= Laurie McNeil =

American physicist

Laurie Elizabeth McNeil (born 1956) is an American condensed matter physicist and materials scientist whose research topics have included optical spectroscopy, the properties of crystals and semiconductors, and the synthesis of carbon nanotubes. She is Bernard Gray Distinguished Professor of Physics and Astronomy at the University of North Carolina at Chapel Hill.

McNeil is also a choral mezzo-soprano and has taught many freshman seminars on the physics of music.

==Education and career==
McNeil was born in Ann Arbor, Michigan on August 19, 1956. After attending Huron High School in Ann Arbor, she graduated from Radcliffe College and Harvard University in 1977 with a bachelor's degree in chemistry and a master's degree in physics, respectively. She went on to the University of Illinois Urbana-Champaign for advanced graduate study in physics, including also summer research at the Los Alamos National Laboratory, earning a second master's degree in 1979 and completing her Ph.D. in 1982. Her dissertation, The effect of pressure on the resistivity and Hall coefficient of amorphous metallic alloys, was supervised by David Lazarus.

After postdoctoral study with Mildred Dresselhaus at the Massachusetts Institute of Technology, supported by IBM, she became an assistant professor of physics and astronomy at the University of North Carolina at Chapel Hill in 1984, with an adjunct appointment in the Curriculum in Applied Sciences. At the time, she was the only woman with a tenure track position in the department. She was promoted to associate professor in 1991 and full professor in 1996. She chaired the Department of Physics and Astronomy from 2004 to 2009, and as chair acted to significantly increase the number of women faculty in the department. She also served as interim chair of the Curriculum in Applied and Materials Sciences from 2007 to 2008.
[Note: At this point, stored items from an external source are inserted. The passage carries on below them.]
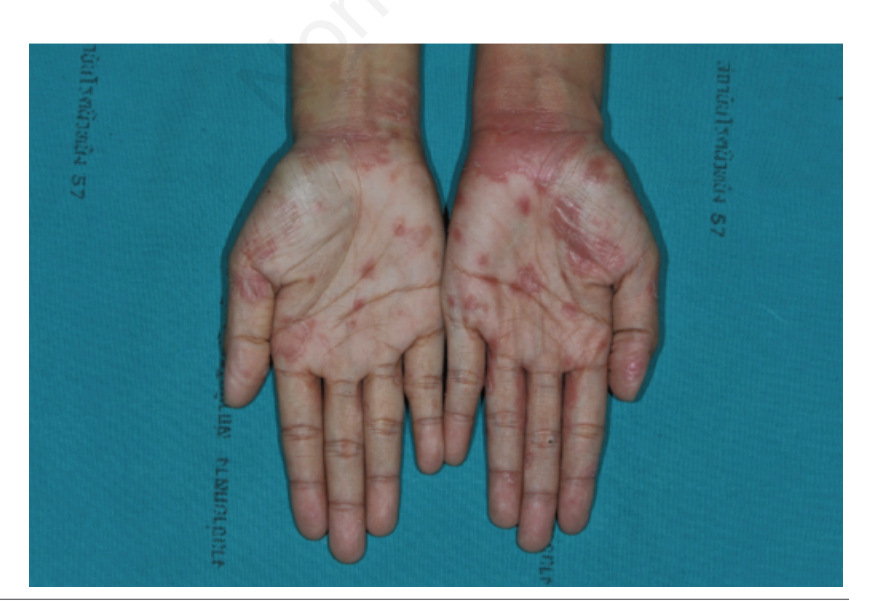
Figure 1. Typical erythematous papules with collarette scales on the palms.

©Copyright: the Author(s), 2021 Licensee PAGEPress, Italy Dermatology Reports 2021; 13:9081 doi:10.4081/dr.2021.9081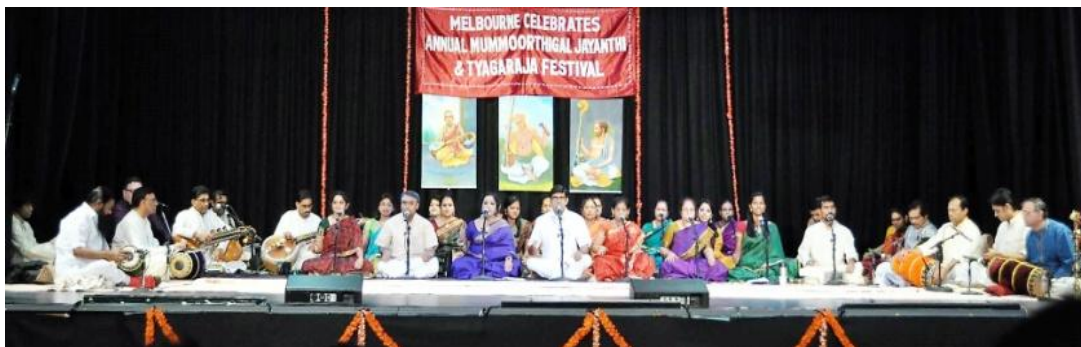
Pancharatna Krithis (2014)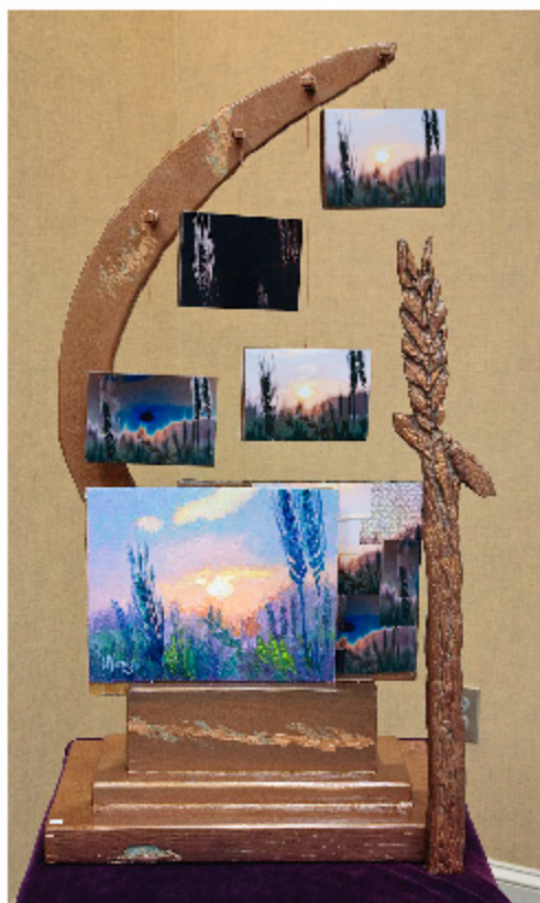
Best in Show, "Wheat Dreams"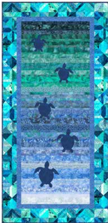
Turtles to the Sea: designed by Castilleja Cotton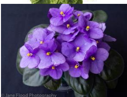
Kalorama (S. Gardner) Single-Semi double mauve pansy/dark pink eye, purple sparkle edge. Dark green/red back. Semi miniature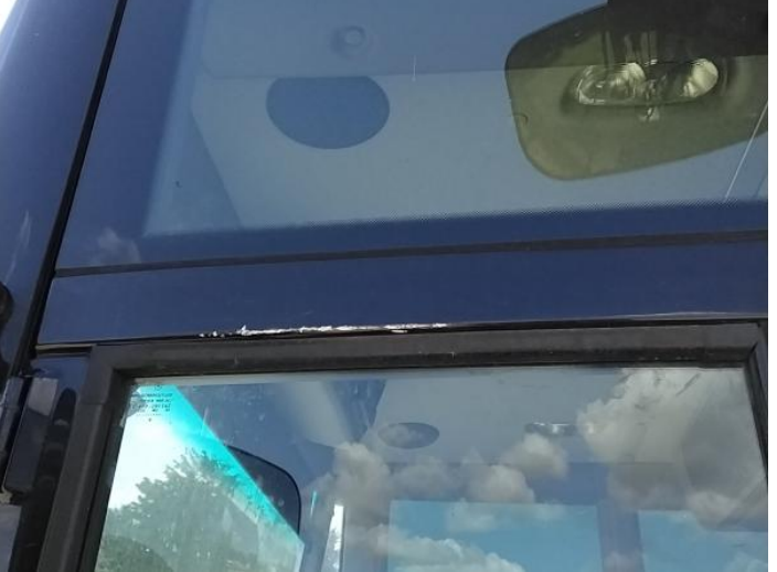
6: Door nsf Scratched UpTo 25mm Thru Paint

McNeil chaired the Southeast Section of the American Physical Society (APS) for a term ending in 2012. She also chaired a joint task force of the APS and American Association of Physics Teachers on undergraduate physics education from 2014 to 2018.

==Recognition==
McNeil was named the Bowman and Gordon Gray Professor at the University of North Carolina in 1996, and named Bernard Gray Distinguished Professor in 2014.

In 2000, she became the inaugural Kathryn A. McCarthy lecturer in physics at Tufts University, and in 2007, she became the inaugural Dorothy Daspit lecturer in science at Tulane University. She was named a Sigma Xi Distinguished Lecturer for 2019–2021.

In 2001, she was named a Fellow of the American Physical Society, after a nomination from the APS Forum on Physics and Society, "for numerous contributions towards improving the climate for women in physics, including extending the Committee on the Status of Women in Physics Academic Site Visit Program and performing an extensive report on the dual-career couple problem." In 2019, the Southeast Section of the APS gave her their George B. Pegram Award for Excellence in Physics Education in the Southeast. In 2021, the APS Office of Government Affairs gave her their Five Sigma Physicist award for her participation in grassroots campaigns advocating government action on science policy issues, including supporting foreign students whose visas were endangered by the lack of in-person classes they could take during the COVID-19 pandemic.